I’m not sure why I made the leap on this day, but I know my higher power had a hand in it. Maybe I was tired of over thinking everything; second guessing my intuition and ideas; staying safe in the box of how I’ve always done things.
Whenever I’m facing an idea that seems scary, crazy, ridiculous, I remind myself of that day. I ask myself what I would do if I couldn’t put it off. If I knew my time was up and this was my last chance. And then I jump, and feel the exhilaration of the unknown overriding the fear of the leaving the box. And I love it!
What would it be like to jump out of your box and fly? Give it a try and you’ll realize that the fear was false, and being alive is real. Why wait?
What boxes have you left behind in your life? Share your story with us!
There’s A Mouse In My House (A lesson of denial)
At first, I just heard a few innocent little rustlings every now and then. Something creaking in the wall. “Just the wind,” I told myself. A sound in the kitchen while I was watching TV. “The cat must be climbing around somewhere,” I thought.
No big deal. Just some background noise. So infrequent I might have been imagining it.
As time went by, I gradually noticed that the rustling had escalated to scampering. That was a little harder to ignore. The scampering was infrequent, but impossible to put down to mere imagination. “Maybe there’s a bird’s nest in the eaves,” I smiled to myself, imaging little chirping mouths receiving food from their parents.
When my cat started camping out for hours in the kitchen, staring underneath the counter, the light bulb should have gone on for me but it didn’t. “I bet some of those cute little gecko’s (lizards) have gotten in,” I mused. “Hope she doesn’t catch them.”

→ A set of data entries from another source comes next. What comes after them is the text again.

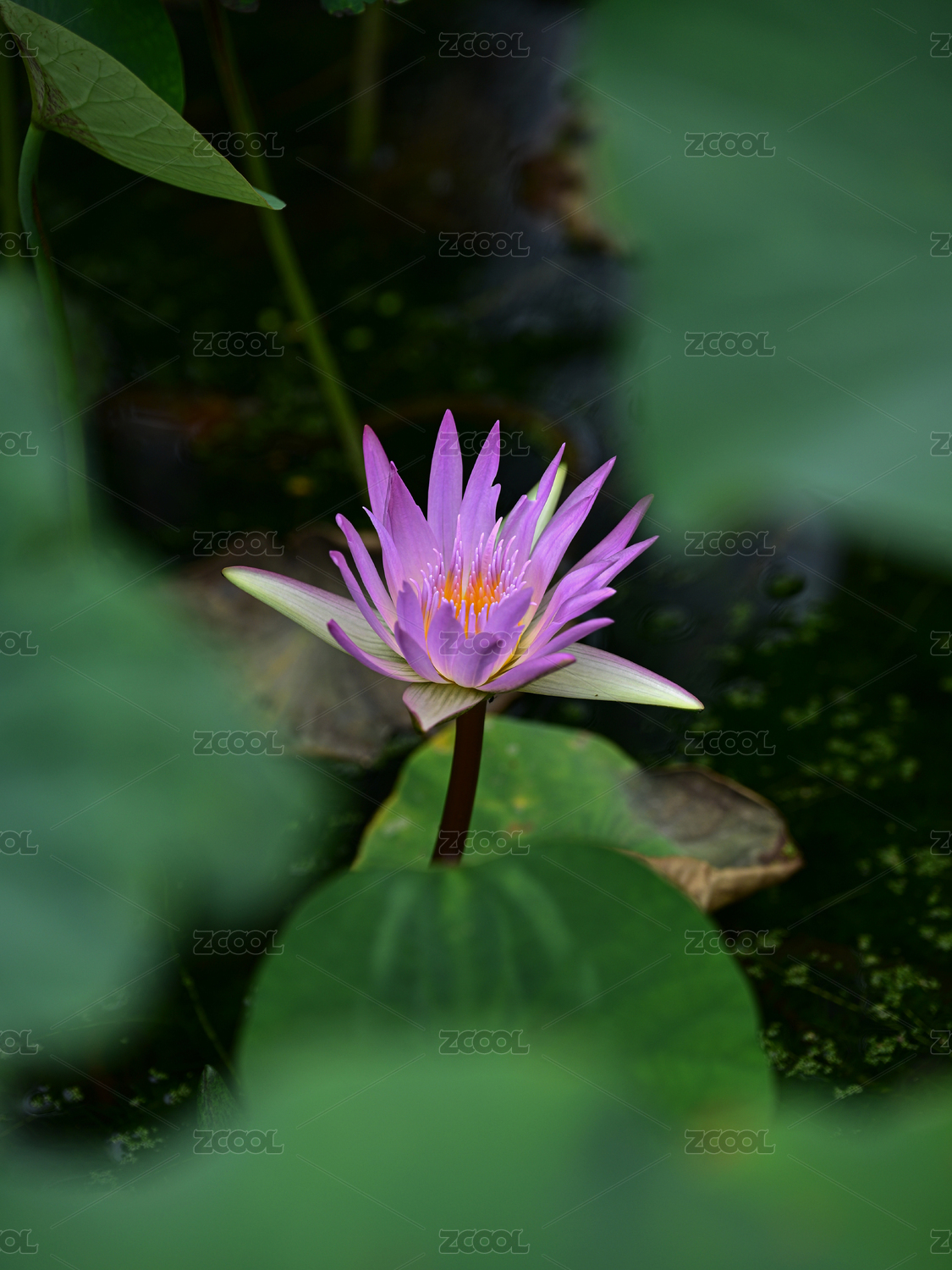 荷塘里盛开的紫色睡莲特写
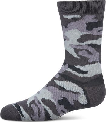 MeMoi Camouflage-Pattern Crew Socks, Main, color, Gray
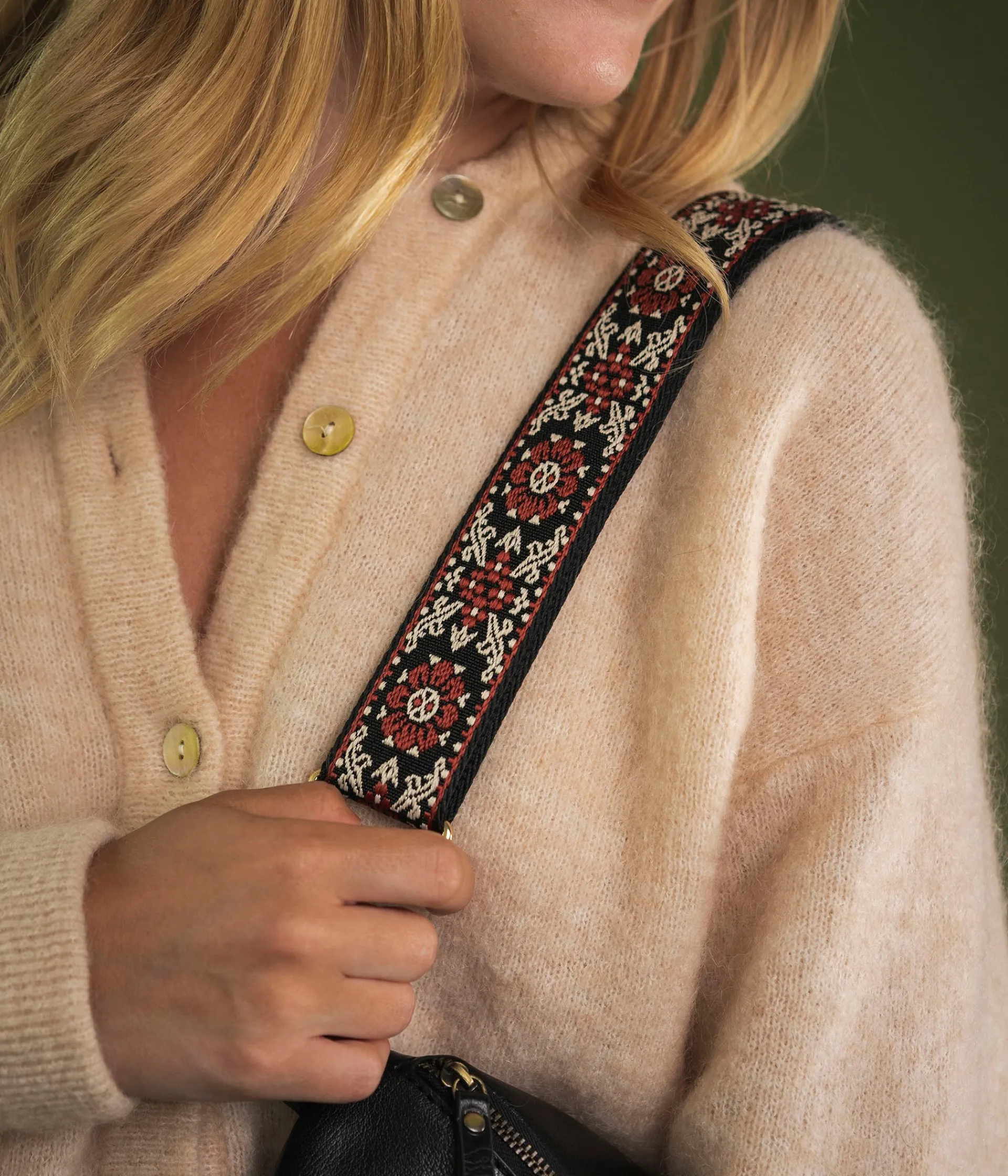 Une bandoulière de sac noir ornée de motifs brodés rouge et écru aux accents ethniques. Cette bandoulière amovible possède des mousquetons dorés à chaque extrémité pour s’adapter sur tous les sacs à main ou sacs banane auxquels elle ajoutera une touche bohème chic. Elle est ajustable en longueur grâce à une boucle. Largeur 4 cm

But when I walked into the kitchen and saw a mouse eating out of the cat food bowl the truth was staring me in the face and all of my denial went down the drain with an adrenaline burst like you wouldn’t believe. I had a mouse in my house!

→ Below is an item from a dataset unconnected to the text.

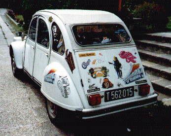 Noch Jungfräulich mit lediglich einigen Aufklebern. Sie brachte gerademal 100.000km auf den Tacho besuchte viele 2CV-Treffen ,unter anderem 2 in Istanbul, bevor sie 1987 nach einem kleinen Unfall für viele Jahre in der Garage verschwand.
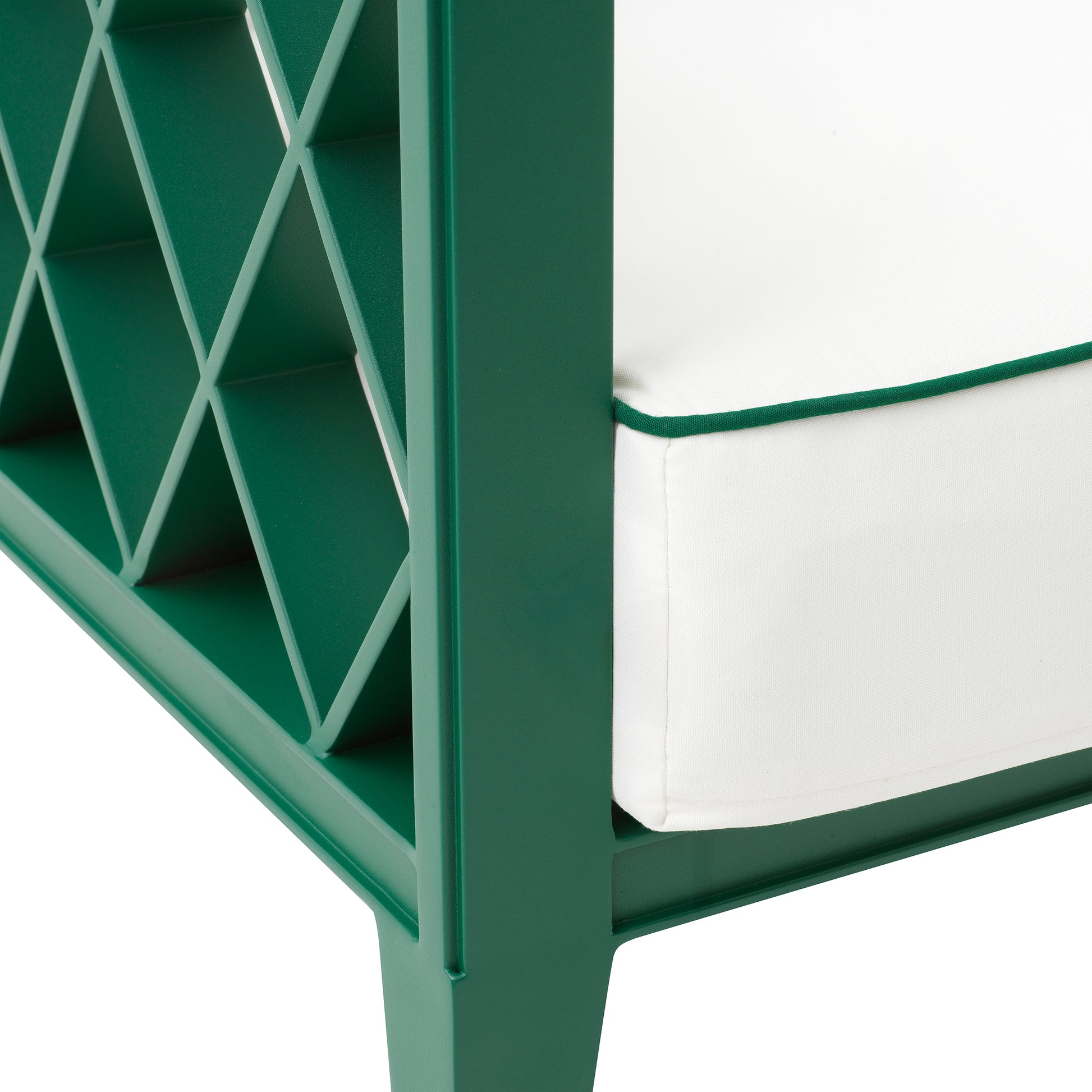 Denna generösa fåtölj är ett elegant tillskott till uterummet eller din uteplats. Tillverkad i slitstarka material för att kombinera tidlös design med hållbarhet. Den har en mattgrön ram och mjuka kuddar som ger en bekväm sittupplevelse för både dig, familjen och dina gäster. Kuddöverdragen är prydda med stilrena kontrastpasspoaler för en extra sofistikerad känsla.

I did what any confident, powerful, fearless woman would do. I ran screaming from the house calling for my husband. Since he was out of town at the time, he didn’t come rushing to my rescue. (Smile)
Wishing I hadn’t ignored those little warnings, I berated myself for a while, kicking myself for not listening to my instincts, and wondering what the heck I was going to do about it. My feelings quickly escalated to panic. How could I stay in a house with a mouse?
“So,” I debated. “Hotel? Stay with a friend? Bomb the kitchen?” After tossing around these improbable solutions, I sucked up my courage and went back inside.
I started to go about my business, avoiding the kitchen like the plague. Fortunately, my husband Chuck replied to my urgent messages on layover between flights and we came up with a plan (that included an urgent call to an exterminator right then).
With the truth about the mouse in the house out in the open, and a plan in place, I started thinking about what had happened. About how natural it is for us as human beings to know in our hearts that something isn’t right and go right on pretending to ourselves everything is fine. We all do it. We pretend things are OK while burying our imagination of the worst possible scenario. When we do this long enough, quite often the world steps in and says, “Hello. Here’s the reality.” And you end up facing what you were avoiding anyway.
What’s rustling or scampering around in your life? Where are you spending energy to pretend nothing’s up instead of addressing it? Where are you stuck? What needs your attention? I challenge you to look that mouse in the eye and make a plan. You’ll be glad you did.